But after looking at the results, I realize that I now have a second requirement. :oops:

And now when thinking about that other requirement, I realized why this was so easy the first time--I was looking for a single word vs not trying to find a phrase. :oops: A simple findstr command found everything I needed in one go. 8)

Thank you for your help!

Re: Find All Filenames NOT Containing a String

Posted: 23 Jul 2017 11:24
by dbenham
aGerman wrote:Removed option /M, it doesn't make sense anymore.

Actually the /M option can still serve a purpose.

Without /M, the entire file must be scanned.

With /M, the scan will end as soon as the first matching line is found. This can have a significant impact if the file is very large.

Of course the entire file must be scanned if a matching line is never found.


Dave Benham

Re: Find All Filenames NOT Containing a String

Posted: 23 Jul 2017 12:48
by Samir
dbenham wrote:
aGerman wrote:Removed option /M, it doesn't make sense anymore.

Actually the /M option can still serve a purpose.

Without /M, the entire file must be scanned.

With /M, the scan will end as soon as the first matching line is found. This can have a significant impact if the file is very large.

Of course the entire file must be scanned if a matching line is never found.


Dave Benham
Very interesting. Then this would have made sense if we had continued the original search as there 7000+ files. It would have been interesting to see the difference in time with and without the /M switch.

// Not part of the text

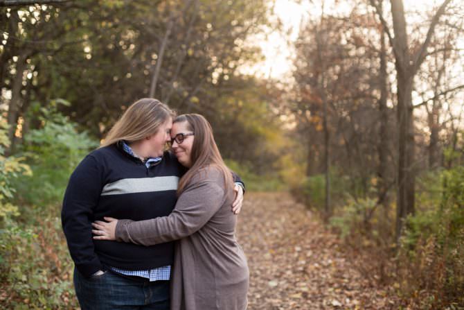 There is something so captivating about discovering why people resonate with what they do, and it always varies from couple to couple. At Ewing II Park in Bloomington, Ill., Val and Jean enjoy a relaxed engagement shoot, surrounded by wooded nature and beautiful memories of dog walks and romance. The couple also incorporated some photos at Uptown Normal, one of their favorite stomping grounds for shopping and entertainment. “It was simply the most perfect location to show off who we are as a couple,” Val explains. With the assistance of Sarah Brianne Photography, Val and Jean open their hearts to us, exuding their incredible, loving warmth and the palpable connection of their souls.
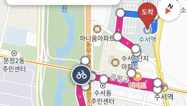 직장에서 기차역까지 가려고 따릉이가 달릴 길을 익혀봅니다

Re: Find All Filenames NOT Containing a String

Posted: 23 Jul 2017 13:17
by dbenham
I should clarify what I meant by "matching line" - any line that would be printed by FINDSTR if the /M option is not used.

So if the /V option is used, then a "matching line" is any line that does not match the search string. Combine the /M option with /V, and the scan terminates as soon as a line is found that does not match the search string. Without the /V option, the /M option terminates at the first line that does match the search string.


Dave Benham

Re: Find All Filenames NOT Containing a String

Posted: 23 Jul 2017 13:33
by Samir
dbenham wrote:I should clarify what I meant by "matching line" - any line that would be printed by FINDSTR if the /M option is not used.

So if the /V option is used, then a "matching line" is any line that does not match the search string. Combine the /M option with /V, and the scan terminates as soon as a line is found that does not match the search string. Without the /V option, the /M option terminates at the first line that does match the search string.


Dave Benham
In the use case solution that was originally presented, it seems that the /M made no difference on the results. But according to what you are saying, the parsing time should definitely be less with /M since the entire file would not be read.

Re: Find All Filenames NOT Containing a String

Posted: 23 Jul 2017 14:32
by dbenham
You will not notice much difference unless the file is quite large.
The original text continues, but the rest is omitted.